** Opening Stored data block **

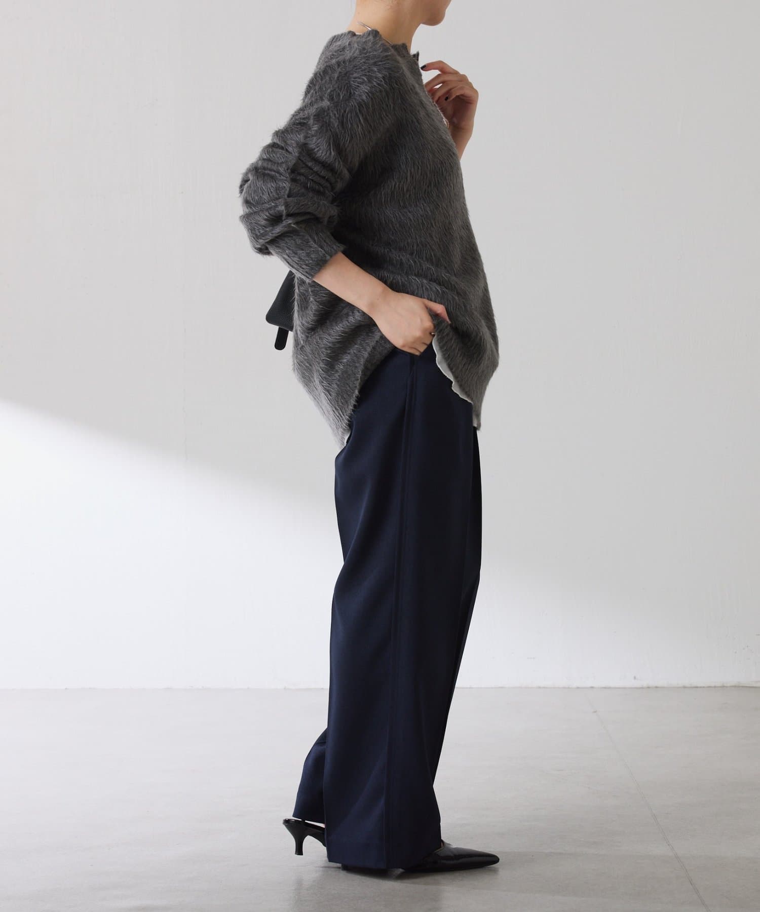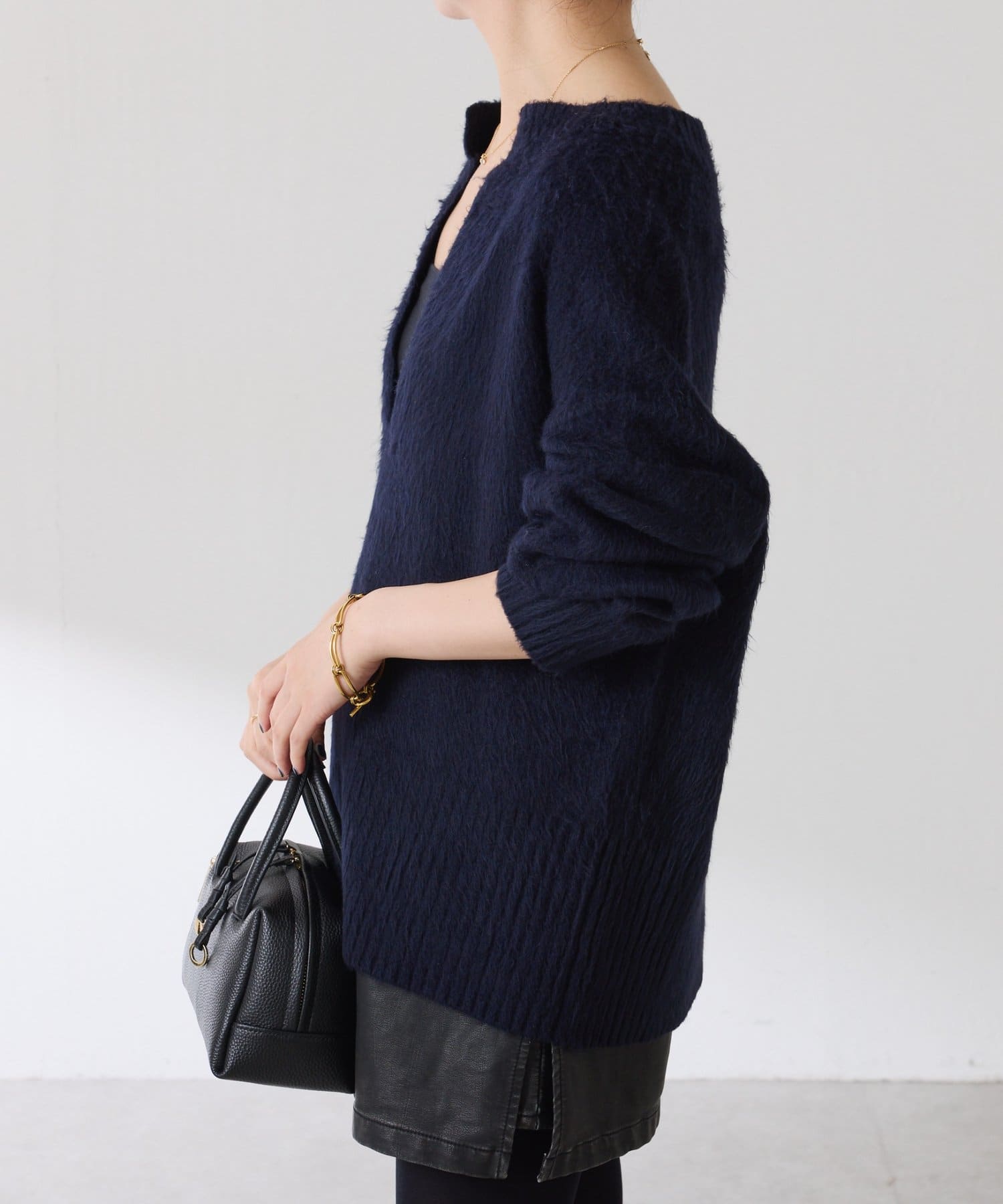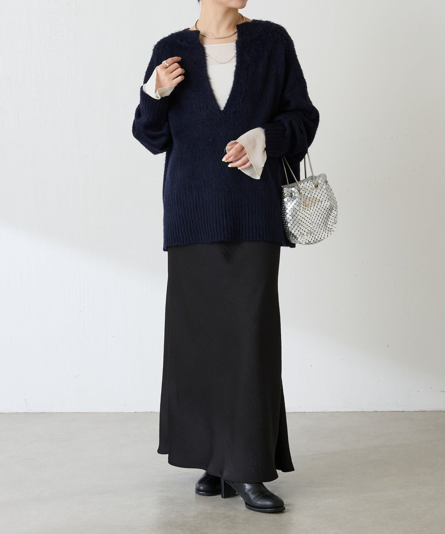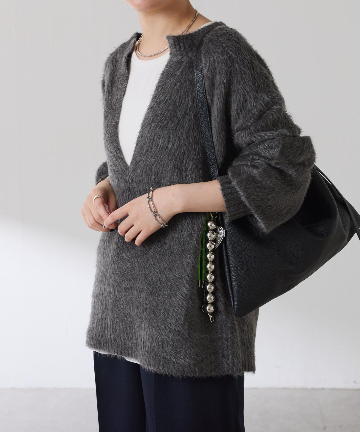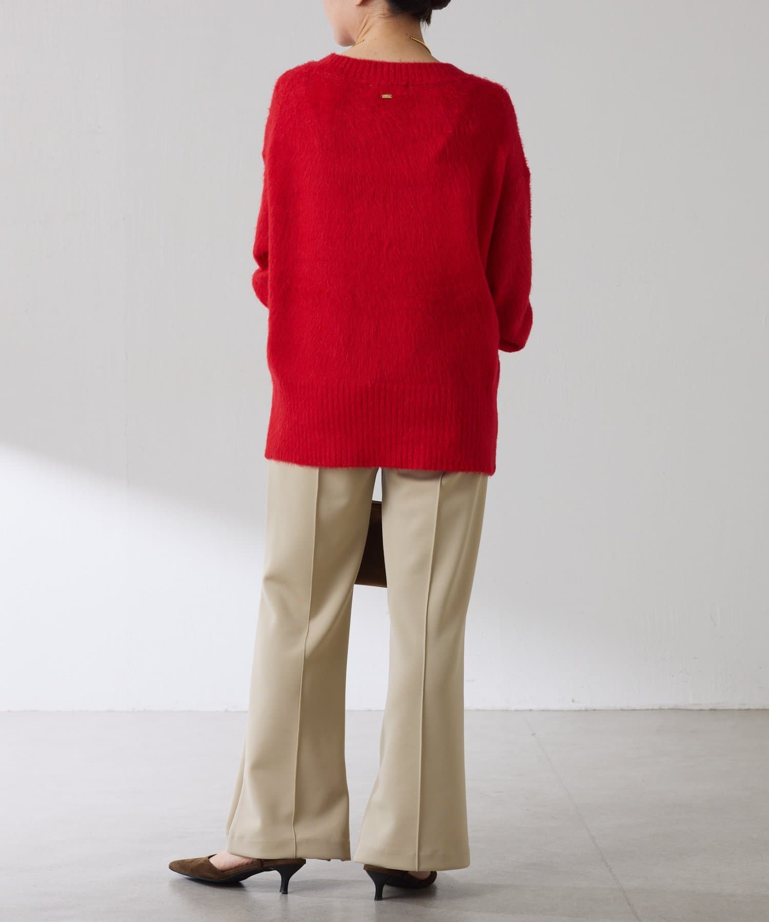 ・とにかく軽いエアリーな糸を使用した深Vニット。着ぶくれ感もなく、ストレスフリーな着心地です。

** Closing Stored data block **
** Opening Stored data block **

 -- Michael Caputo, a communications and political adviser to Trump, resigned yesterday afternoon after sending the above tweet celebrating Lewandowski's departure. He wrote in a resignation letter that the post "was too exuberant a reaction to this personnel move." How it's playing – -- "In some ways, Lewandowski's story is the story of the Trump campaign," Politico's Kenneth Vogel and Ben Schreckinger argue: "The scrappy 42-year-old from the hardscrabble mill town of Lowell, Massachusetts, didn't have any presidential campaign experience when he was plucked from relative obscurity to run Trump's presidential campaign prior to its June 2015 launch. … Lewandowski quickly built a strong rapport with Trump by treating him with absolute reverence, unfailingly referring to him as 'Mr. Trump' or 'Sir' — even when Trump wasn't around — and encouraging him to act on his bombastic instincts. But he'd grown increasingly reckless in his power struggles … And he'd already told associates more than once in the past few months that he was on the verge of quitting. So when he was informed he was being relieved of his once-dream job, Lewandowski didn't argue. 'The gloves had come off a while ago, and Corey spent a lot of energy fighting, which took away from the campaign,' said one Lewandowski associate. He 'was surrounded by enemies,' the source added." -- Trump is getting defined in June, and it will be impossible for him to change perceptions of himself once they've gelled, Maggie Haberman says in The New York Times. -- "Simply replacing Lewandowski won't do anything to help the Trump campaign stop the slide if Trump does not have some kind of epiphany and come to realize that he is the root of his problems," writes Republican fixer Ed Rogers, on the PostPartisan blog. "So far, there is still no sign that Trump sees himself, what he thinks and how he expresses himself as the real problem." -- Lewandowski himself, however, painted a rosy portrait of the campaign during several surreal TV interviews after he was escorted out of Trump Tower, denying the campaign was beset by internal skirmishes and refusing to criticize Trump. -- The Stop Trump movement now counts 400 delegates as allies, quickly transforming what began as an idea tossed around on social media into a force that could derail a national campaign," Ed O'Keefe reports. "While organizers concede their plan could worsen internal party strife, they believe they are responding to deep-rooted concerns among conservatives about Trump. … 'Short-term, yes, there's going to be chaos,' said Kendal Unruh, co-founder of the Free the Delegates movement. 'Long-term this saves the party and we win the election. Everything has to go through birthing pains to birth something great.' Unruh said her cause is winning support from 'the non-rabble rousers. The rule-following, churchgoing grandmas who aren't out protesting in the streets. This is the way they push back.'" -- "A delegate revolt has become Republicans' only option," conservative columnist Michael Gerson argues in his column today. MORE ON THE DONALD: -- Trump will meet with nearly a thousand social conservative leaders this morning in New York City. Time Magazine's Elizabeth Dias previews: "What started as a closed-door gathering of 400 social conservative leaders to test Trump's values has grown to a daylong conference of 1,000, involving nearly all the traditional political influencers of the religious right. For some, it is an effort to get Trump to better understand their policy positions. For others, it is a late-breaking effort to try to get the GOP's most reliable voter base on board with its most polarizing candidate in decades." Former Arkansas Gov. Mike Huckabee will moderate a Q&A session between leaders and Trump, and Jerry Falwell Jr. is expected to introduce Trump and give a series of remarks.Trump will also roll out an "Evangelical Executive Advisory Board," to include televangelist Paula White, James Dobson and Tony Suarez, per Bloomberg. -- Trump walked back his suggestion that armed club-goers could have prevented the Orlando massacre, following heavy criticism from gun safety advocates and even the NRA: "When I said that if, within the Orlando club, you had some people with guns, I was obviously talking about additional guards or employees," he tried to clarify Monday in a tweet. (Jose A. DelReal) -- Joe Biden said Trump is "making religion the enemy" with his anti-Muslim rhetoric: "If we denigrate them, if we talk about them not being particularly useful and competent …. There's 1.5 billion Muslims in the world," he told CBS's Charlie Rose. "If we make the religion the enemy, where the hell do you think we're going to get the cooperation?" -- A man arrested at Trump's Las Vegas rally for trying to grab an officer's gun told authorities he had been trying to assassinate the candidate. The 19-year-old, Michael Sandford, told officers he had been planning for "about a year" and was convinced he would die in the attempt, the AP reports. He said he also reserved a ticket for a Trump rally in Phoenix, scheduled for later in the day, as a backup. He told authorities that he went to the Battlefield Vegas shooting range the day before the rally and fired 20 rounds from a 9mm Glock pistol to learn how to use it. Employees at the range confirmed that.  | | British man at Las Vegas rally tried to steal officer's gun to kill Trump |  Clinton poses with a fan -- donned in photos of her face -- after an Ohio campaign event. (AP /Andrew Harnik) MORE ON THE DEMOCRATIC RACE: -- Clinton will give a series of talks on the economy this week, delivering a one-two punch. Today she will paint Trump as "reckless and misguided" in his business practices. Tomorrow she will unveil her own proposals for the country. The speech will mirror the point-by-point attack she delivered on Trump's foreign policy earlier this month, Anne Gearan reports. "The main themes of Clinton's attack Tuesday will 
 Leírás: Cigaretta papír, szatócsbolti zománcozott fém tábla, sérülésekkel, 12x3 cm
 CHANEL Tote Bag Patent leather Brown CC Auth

** Closing Stored data block **

> _Work task_
Everything from the line with "Leírás: Cigaretta papír, szatócsbolti" through the line with "CHANEL Tote Bag Patent leather Brown CC Auth" in the listing above must be retyped exactly, with nothing added.

> _Answer to this task_
 Leírás: Cigaretta papír, szatócsbolti zománcozott fém tábla, sérülésekkel, 12x3 cm
 CHANEL Tote Bag Patent leather Brown CC Auth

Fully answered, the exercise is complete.